Through the Looking Glass Children's Book Reviews

Undertow

Undertow

Michael Buckley
Fiction  Series
For ages 14 and up
Houghton Mifflin Harcourt, 2015   ISBN: 978-0544348257

One evening three years ago Lyric and her mother Summer were on the beach near their home in Coney Island when they heard a frightening, loud noise. Summer started to behave in a very strange manner. She became alert and watchful, and then she ran to the water and dived in. Lyric waited and waited for her mother to appear and was beginning to get frantic with worry when Summer finally came out of the water.

The next day Summer was gone when Lyric got up in the morning and Lyric’s father, who is a local police officer, went out to look for his wife. In a very no nonsense tone of voice he told Lyric to stay home and to lock the door. Lyric did neither. Instead, she went to the beach again and she was there when the Alpha arrived. The Alpha are a five nation race of warriors who live in the ocean, and thousands of them arrived on the beach at Coney Island that day.

Ever since the arrival of the Alpha, life on Coney Island has been very hard for everyone. It was an area rife with urban blight before the arrival of the merpeople, but now it is a war zone, with battles regularly breaking out between the Alpha and a group calling itself the Coney Island Nine, whose members want the Alphas to leave. Xenophobia in its ugliest form is everywhere and the police, National Guard and United Nations personnel are having a hard time keeping the peace. It does not help that the governor of the state is deeply opposed to the presence of the Alpha, and her speeches, with their poisonous vitriolic words, also serve to stoke the anger of the human residents of Coney Island.

There have been both human and Alpha losses since the Alpha arrived, and now the president has decided that part of the solution to the Alpha problem is to integrate the Alphas into human society. He feels that the best way start this process is to send the Alpha children to human schools. The integration is going to start at Lyric’s school and no one is happy about the change. Supporters of the Niners don’t want the Alphas there because they think they are monsters. People who are sympathetic to the Alphas don’t want them there because their presence is going to make life miserable for everyone.

Ever since the arrival of the Alphas, fun loving, outgoing Lyric has been a different person. She used to wear clothes that made her stand out, and she used to be bubbly and sociable, the risk taker who was always willing to do something for fun. Now Lyric has to be as inconspicuous as possible because she and her family have a secret that has to stay hidden.

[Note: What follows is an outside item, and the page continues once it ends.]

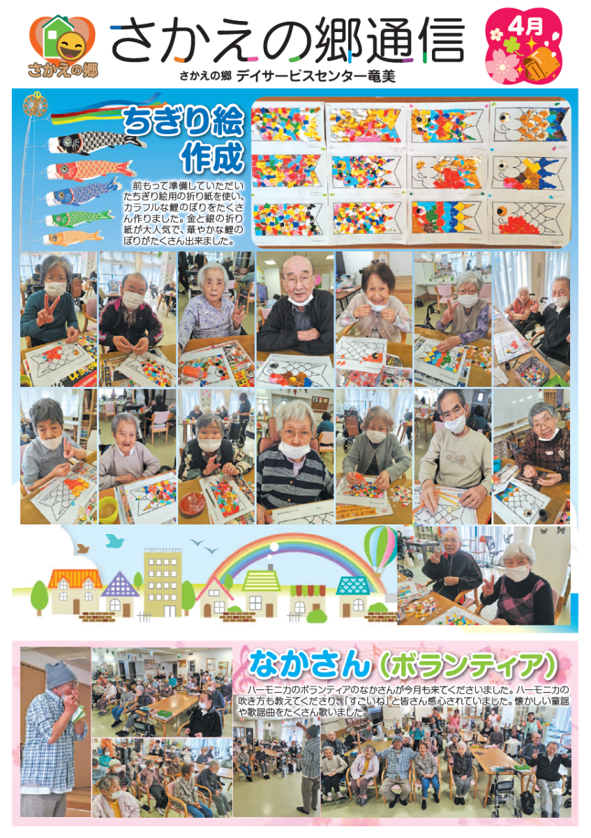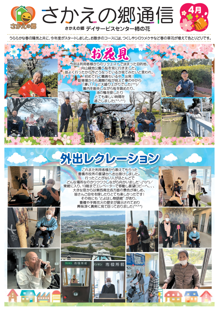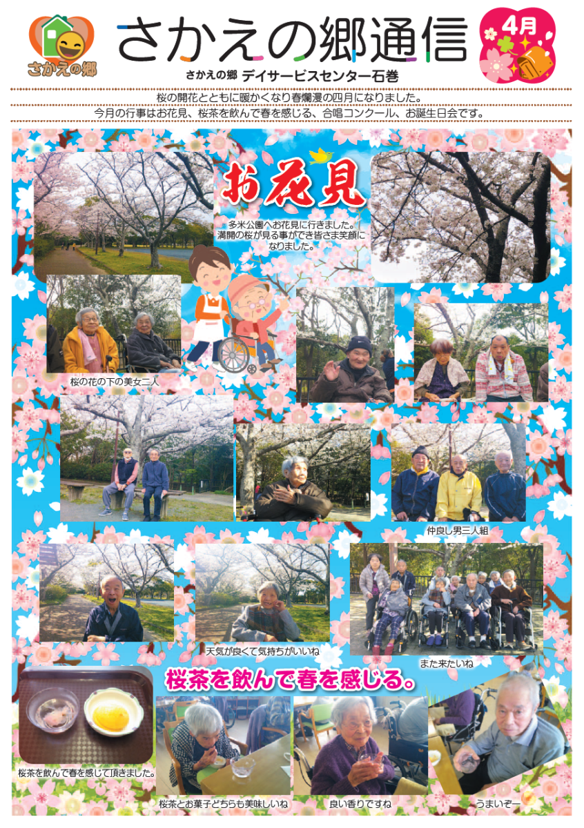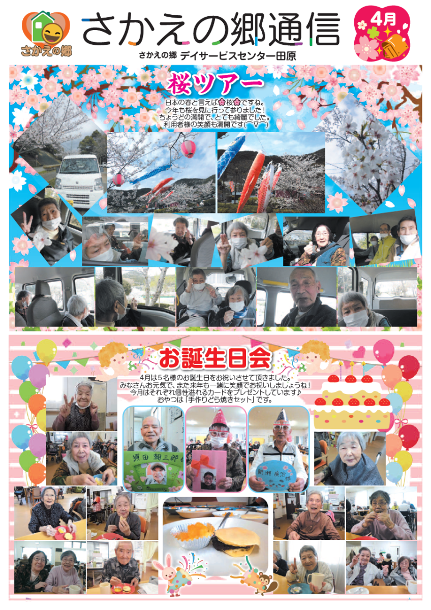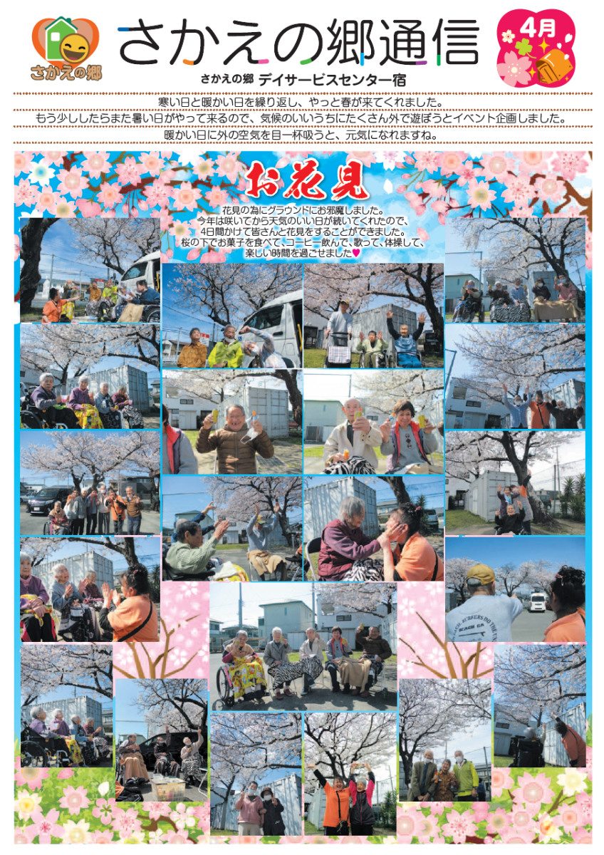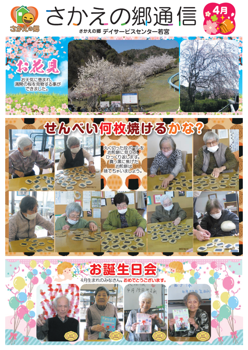 さかえの郷通信2025年4月号 2025/06/05 介護サービスで地域1番を目指すさかえの郷グループの施設だよりを是非ご覧ください。 (若宮、田原、宿、石巻、竜美、柿の花) *施設だよりの画像をクリックで閲覧できます。 施設ページに動画も掲載していますのでご覧ください。

Many years ago Summer left her home in the ocean and she came onto the land. She is a Sirena, which is just one of the many Alpha tribes. Unlike some of the Alphas, Sirenas can look very human, which is why Summer has been able to blend in with human society for so long. Now the authorities are looking for the Alphas who came to Coney Island around the time Summer arrived. Most of them have been taken away and have not been seen since. Some of them have half human children like Lyric, and Lyric’s parents are desperate to keep their daughter safe. All she has to do is toe the line and lie low.

This should be easy to do, but then Lyric is given the job of befriending one of the Alphas who is coming to her school. Of all the people they could have chosen, they had to choose her. Lyric cannot refuse the principal’s ‘request,’ and so she and Fathom, a Alpha prince who has more than a few problems of his own, spend an hour together every day. Lyric teaches Fathom how to read and she learns something about the complicated culture of his people. There is a strict cast system within the Alpha. One would think being close to the top would be a good thing, but Fathom’s lot in life is hard. He has to fight with other Alpha on behalf of his father and his body is covered with old battle scars.

With every passing day the rift between the humans and the Alpha widens and it becomes clear that Lyric and her parents need to get out of New York and go as far away as possible. They have to flee before the authorities find out that Lyric’s mother is an Alpha. What no one knows, yet, is that the problems the residents of Coney Island are experiencing now are nothing compared to the bigger problem that is coming.

This thrilling novel will keep readers guessing from the first page to the last. One never knows what is going to happen. The suffering that Lyric and her allies experience is often painful, but at the same time it shines a light on what it is like to witness and experience extreme prejudice. Many of the characters we encounter in the story are not likeable, and some are downright hateful, which gives the book a stark and powerful realism that readers will remember long after they have finished reading the book.